Transfer your Aperture data to Lightroom with Aperture Exporter
posted Friday, July 18, 2014 at 4:28 PM EST
During its WWDC Keynote this year, Apple showcased iOS 8 and OS X 10.10 Yosemite, and among the new features highlighted was their new Photos app. In a move to bring the mobile iOS and the OS X desktop operating systems closer together, the new Photos app will be available on both the mobile and the desktop OS. With these forcoming software updates, it was later announced that their pro-level image editing application Aperture will no longer be developed (and the more basic iPhoto app as well).
Users of the software will have to transition either to the new Photos app, which is scheduled to launch early next year following the release of OS X Yosemite this fall, or to third-party softwares such as Adobe's Photoshop and Lightroom.
Unfortunately for those who have created huge libraries and edited thousands of images in Aperture, there is no official way to migrate libraries and edits to Lightroom. Rebuilding them from scratch is not really an option, as it is not only time consuming but also highly inefficient. This is where Aperture Exporter comes in, an app that promises to migrate most of your data from Aperture to Lightroom.

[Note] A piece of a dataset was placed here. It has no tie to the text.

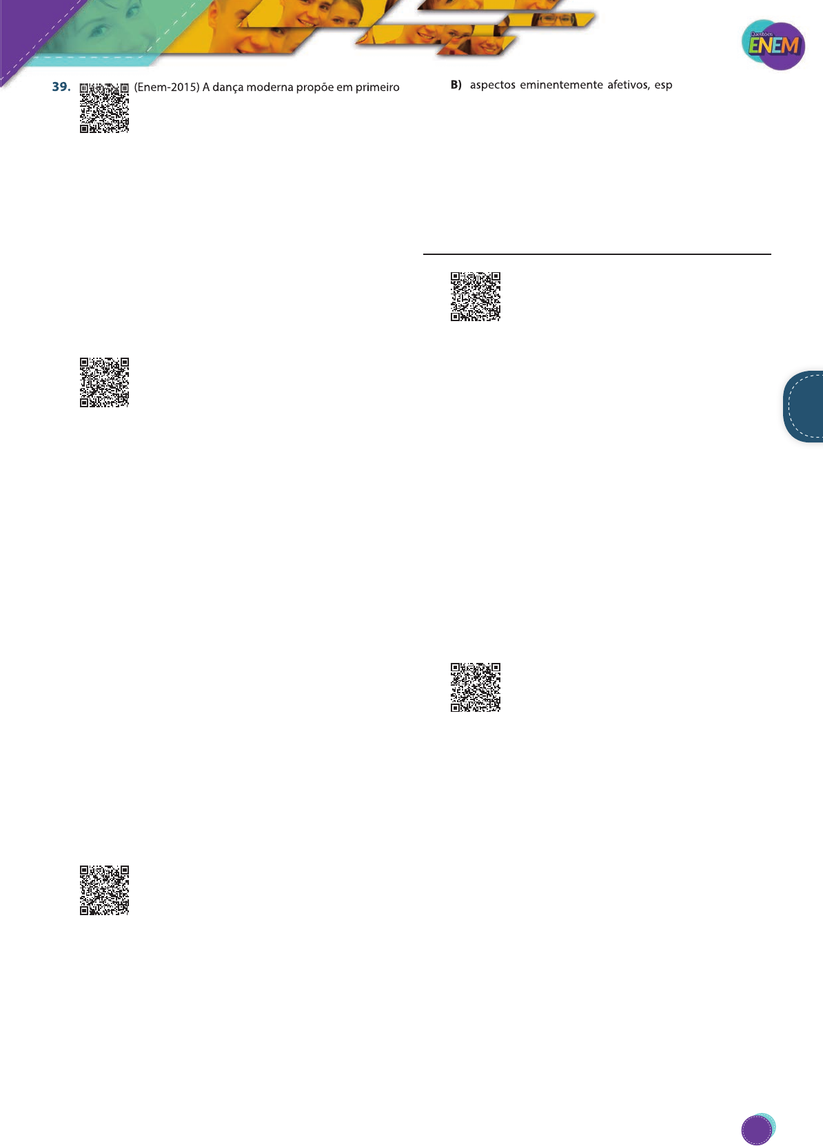39. (Enem-2015) A dança moderna propõe em primeiro lugar o conhecimento de si e o autodomínio. Minha proposta é esta: através do conhecimento e do auto- domínio chego à forma, à minha forma – e não o contrário. É uma inversão que muda toda a estética, toda a razão do movimento. A técnica na dança tem apenas uma finalidade: preparar o corpo para responder à exigência do espírito artístico. (VIANNA, K.; CARVALHO, M. A. A dança. São Paulo: Siciliano, 1990.) Na abordagem dos autores, a técnica, o autodomínio e o conhe- cimento do bailarino estão a serviço da A) padronização do movimento da dança. B) subordinação do corpo a um padrão. C) concretização da criação pessoal. D) ideia preconcebida de forma. E) busca pela igualdade entre os bailarinos. 40. (Enem-2013) Própria dos festejos juninos, a quadrilha nasceu como dança aristocrática, oriunda dos salões franceses, depois difundida por toda a Europa. No Brasil foi introduzida como dança de salão e, por sua vez, apropriada e adaptada pelo gosto popular. Para sua ocorrência, é importante a presença de um mestre “marcante” ou “marcador”, pois é quem determina as figurações diversas que os dançadores desenvolvem. Observa-se a constância das seguintes marcações: “Tour”, “Em avant”, “Chez des dames” , “Chez des Chevaliê” , “Cestinha de flor”, “Balancê”, “Caminho da roça”, “olha a chuva”, “Garranchê” “Passeio”, “Coroa de flores”, “Coroa de espinhos” etc. No Rio de Janeiro, em contexto urbano, apresenta trans- formações: surgem novas figurações, o Francês aportuguesado inexiste, o uso de gravações substitui a música ao vivo, além do aspecto de competição, que sustenta os festivais de quadrilha, promovidos por órgãos de turismo. (CASCUDO, L. C. Dicionário do folclore brasileiro, Rio de Janeiro: Melhoramentos, 1976.) As diversas formas de dança são demonstrações da diversidade cultural do nosso país. Entre elas, a quadrilha é considerada uma dança folclórica por A) possuir como característica principal os atributos divinos e religiosos e, por isso, identificar uma nação ou região. B) abordar as tradições e costumes de determinados povos ou regiões distintas de uma mesma nação. C) apresentar cunho artístico e técnica apuradas, sendo, tam- bém, considerada dança-espetáculo. D) necessitar de vestuário específico para a sua prática, o qual define seu país de origem. E) acontecer em salões e festas e ser influenciada por diversos gêneros musicais. 41. (Enem-2011) A dança é um importante componente cultural da humanidade. O folclore brasileiro é rico em danças que representam as tradições e a cultura de várias regiões do país. Estão ligadas aos aspectos religiosos, festas, lendas, fatos históricos, acontecimentos do cotidiano e brincadeiras e caracterizam-se pelas músicas ani- madas (com letras simples e populares), figurinos e cenários representativos. (SECRETARIA DA EDUCAÇÃO. Proposta Curricular do Estado de São Paulo: Educação Física. São Paulo: 2009. Adaptado.) A dança, como manifestação e representação da cultura rítmica, envolve a expressão corporal própria de um povo. Considerando-a como elemento folclórico, a dança revela A) manifestações afetivas, históricas, ideológicas, intelectuais e espirituais de um povo, refletindo seu modo de expres- sar-se no mundo. B) aspectos eminentemente afetivos, espirituais e de entre- tenimento de um povo, desconsiderando fatos históricos. C) acontecimentos do cotidiano, sob influência mitológica e religiosa de cada região, sobrepondo aspectos políticos. D) tradições culturais de cada região, cujas manifestações rít- micas são classificadas em um ranking das mais originais. E) lendas, que se sustentam em inverdades históricas, uma vez que são inventadas, e servem apenas para a vivência lúdica de um povo. Teatro 42. (Enem-2017) E aqui, antes de continuar este espetá- culo, é necessário que façamos uma advertência a todos e a cada um. Neste momento, achamos funda- mental que cada um tome posição definida, não é possível continuamos. É fundamental que cada um tome uma posição, seja para a esquerda, seja para a direita. Admitimos mesmo que alguns tomem uma posição neutra, fiquem de braços cruzados. Mas é preciso que cada um, uma vez tomada sua posição, fique nela! Porque senão, companheiros, as cadeiras do teatro rangem muito e ninguém ouve nada. (FERNANDES, M.; RANGEL, F. Liberdade, liberdade. Porto Alegre: L&PM, 2009.) A peça Liberdade, liberdade, encenada em 1964, apresenta o impasse vivido pela sociedade brasileira em face do regime vigente. Esse impasse é representado no fragmento pelo(a) A) barulho excessivo produzido pelo ranger das cadeiras do teatro. B) indicação da neutralidade como a melhor opção ideológi- ca naquele momento. C) constatação da censura em função do engajamento social do texto dramático. D) correlação entre o alinhamento político e a posição corpo- ral dos espectadores. E) interrupção do espetáculo em virtude do comportamento inadequado do público. 43. (Enem-2015) Um relacionamento de grupo saudável exige um número de indivíduos trabalhando inter- dependentemente para completar um projeto, com total participação individual e contribuição pessoal. Se uma pessoa domina, os outros membros têm pouco cresci- mento ou prazer na atividade, não existe um verdadeiro rela- cionamento no grupo. O teatro é uma atividade artística que exige o talento e a energia de muitas pessoas – desde a primeira ideia de uma peça ou cena até o último eco de aplauso. Sem esta interação não há lugar para o ator individualmente, pois sem o funcionamento do grupo, para quem iria ele representar, que materiais usaria e que efeitos poderia produzir? O aluno-ator deve aprender que “como atuar”, assim como no jogo, está in- trinsecamente ligado a todas as outras

What Aperture Exporter does, according to its creator, is to consolidate the various steps involved in migrating your Aperture data to Lightroom into a single solution. Currently still in beta development, the app transfers Aperture libraries, project hierarchies, photo metadata, master images with XMP sidecar files, as well as flags, color labels and keywords.
What is not possible is to transfer all the edits you've made to your images. Instead, Aperture Exporter offers to save edited images as JPEG or TIFF files, with the edits "baked-in." The only real alternative to migrating your Aperture data to Adobe Lightroom is to stick with Aperture for the time being -- with the knowledge that no bug fixes, new features and performance enhancements will be coming.
Whether the new Photos app will be able to replace all the features of Aperture remains to be seen; we'll know more next year.